我跪坐在他懷裏,拍拍他的肩膀,平視他的眼睛半開玩笑道:“你若不實話實說,寡人可就把你的名字寫在秀男名冊上了,到時候你可別後悔了!”
蘇昀深深看著我,溫聲道:“陛下今日和往日有些不同。”
“是嗎?嗬嗬……別轉移話題。”
他無奈笑了笑,“卻像回到了小時候。”
“那是往日看著好些,還是小時候看著好些?唉!別轉移話題!”我惱怒地瞪著他。
他唇角勾了勾,“無論什麽時候,都是好的。”
這話聽得我心神舒坦,忍不住彎了嘴角,繼續說:“別轉移話題!寡人問你呢,你到底喜歡哪個?”
他被逼得緊了,終於合上了眼睛,兩扇纖長的睫毛在眼下掃出淡淡的陰影,秀挺的鼻梁下薄唇微抿,勾出了一抹帶了三分苦澀的笑意。
“那人,陛下也識得。”
“她小我五歲,卻極是伶俐,我自負聰明,在她麵前卻常顯不足,這些年來所做的一切,也不過是希望她能多看我幾眼罷了。我心想,站得夠高,她大概也就隻能看到我了吧。”
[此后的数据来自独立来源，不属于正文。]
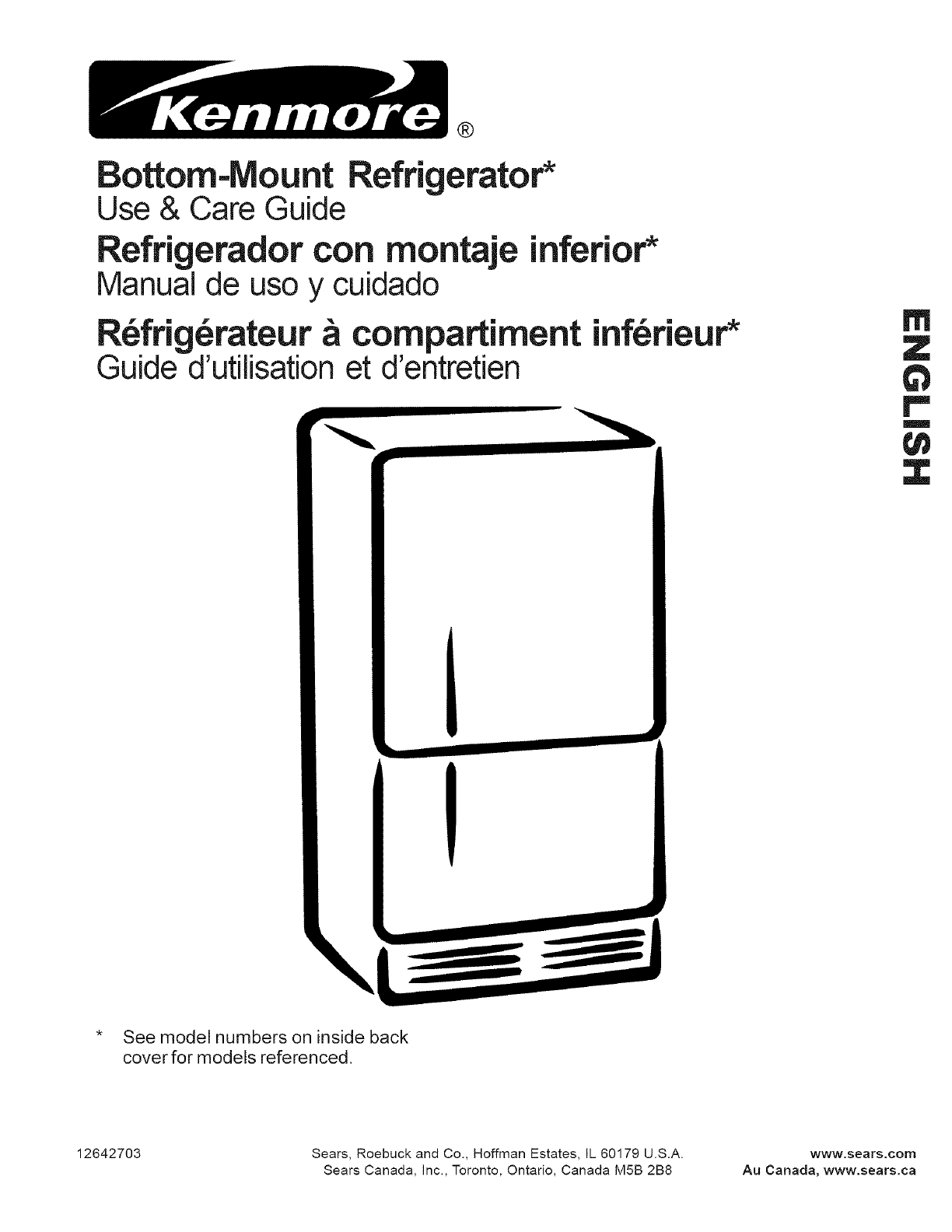 KENMORE Bottom Mount Refrigerator Manual L0703106 KENMORE Bottom Mount Refrigerator Owner's Manual, KENMORE Bottom Mount Refrigerator installation guides

“每日上朝都能看到她,但也隻是一聲招呼罷了。這麽些年過來了,我想感情大概也漸漸淡了,或許再過些時候也就徹底放下了。”
他睜開眼睛看我,眸中笑意苦澀而柔和。
“陛下何苦逼我說出來呢?”
“那人,是裴笙。”
裴笙……
恍惚想起十歲那年在太學府,我讓宮人代我抄寫作業被國師發現,國師震怒,讓我在外罰站,是煥卿站了主動陪我,那時我自是對他感激得緊。如今仔細回想一下,當時我的伴讀是裴笙,她便坐在煥卿身旁,那時本是她要站起來陪我受罰,卻被煥卿拉了一下坐回去。
煥卿不是要陪我受罰,而是代她陪我。
我到此時才明白。
我心疼得很是難受,耳中像是有什麽東西爆炸開來,一陣陣的嗡鳴聲。原先裝暈,現在卻要裝沒事,咧嘴笑道:“裴學士啊,確實配得上你了。隻不過她哥哥是裴錚,如果她不願意,寡人還真是不敢跟裴錚作對呢。不如我們聯手扳倒了裴錚,把裴笙搶過來給你當媳婦好了!”